Nota de EU89.7
Video: Mientras duerme, ácaros se aparean en su rostro

Un nuevo video ha demostrado como estos diminutos seres llevan una vida tranquila entre los poros faciales de la mayoría de los adultos humanos.

Los ácaros, esos pequeños arácnidos conocidos por vivir en los colchones y zapatos deportivos, han conquistado más territorios de los que cree. Entre ellos, existe uno especialmente terrorífico: el rostro.

Así es, estos arácnidos similares a garrapatas y de tamaño microscópico conocidos como ‘ácaros de la cara‘, se amontonan felizmente en los diminutos mechones de cabello que alojamos en el rostro, aprovechando los aceites naturales que de ellos emanan.

Estos ácaros, del género Demodex, buscan activamente el sebo humano, del cual se alimentan. Duermen y se nutren durante el día en los folículos, mientras que durante la noche se arrastran sobre la superficie de la piel para aparearse.

Un nuevo video creado por KQED en San Francisco, Estados Unidos, ha demostrado como estos diminutos seres llevan una vida tranquila entre los poros faciales de la mayoría de los adultos humanos.

Son transparentes

De acuerdo con un artículo de NPR, estos pequeños insectos tienen ocho patas, son transparentes y microscópicos: cada uno de ellos mide aproximadamente 0.3 milímetros.
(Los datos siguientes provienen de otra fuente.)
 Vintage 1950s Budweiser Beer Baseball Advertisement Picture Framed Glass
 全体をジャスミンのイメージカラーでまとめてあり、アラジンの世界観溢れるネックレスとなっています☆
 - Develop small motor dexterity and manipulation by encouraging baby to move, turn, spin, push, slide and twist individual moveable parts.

Los ácaros de la cara viven cerca de las raíces de los folículos del vello facial, tanto en hombres como en mujeres.

Hábitos inocentes que pueden afectar su salud

El aceite ceroso que excretan las glándulas ubicadas en nuestros poros funcionan para mantener la piel hidratada. El sebo, producido por estas glándulas, se ubica cerca de la parte inferior de los folículos pilosos.
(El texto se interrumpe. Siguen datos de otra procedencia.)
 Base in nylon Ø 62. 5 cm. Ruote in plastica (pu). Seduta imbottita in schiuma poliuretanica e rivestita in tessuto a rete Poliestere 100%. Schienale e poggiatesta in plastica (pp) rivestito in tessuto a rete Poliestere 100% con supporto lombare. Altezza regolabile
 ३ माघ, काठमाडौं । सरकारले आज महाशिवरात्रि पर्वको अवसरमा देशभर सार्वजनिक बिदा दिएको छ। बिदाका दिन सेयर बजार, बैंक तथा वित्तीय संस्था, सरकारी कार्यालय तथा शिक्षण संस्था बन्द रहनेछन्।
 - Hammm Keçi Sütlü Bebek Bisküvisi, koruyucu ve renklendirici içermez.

Según un estudio publicado en 1992 por la revista Dermatología Clínica y Experimental, los folículos infestados pueden albergar media docena de ácaros a la vez, los cuales pueden vivir por hasta dos semanas.

Enfermedad

Cabe destacar que estos insectos no representan ninguna amenaza para los humanos, a menos de que se acumulen en cantidades realmente grandes, lo que puede conducir a una enfermedad llamada demodicosis o sarna demodéctica.

De acuerdo con Kanade Shinkai, dermatóloga de la Universidad de California en San Francisco, esta enfermedad es a menudo asociada con una disminución en la respuesta del sistema inmune del cuerpo y genera un brillo rojo o blanco en la piel.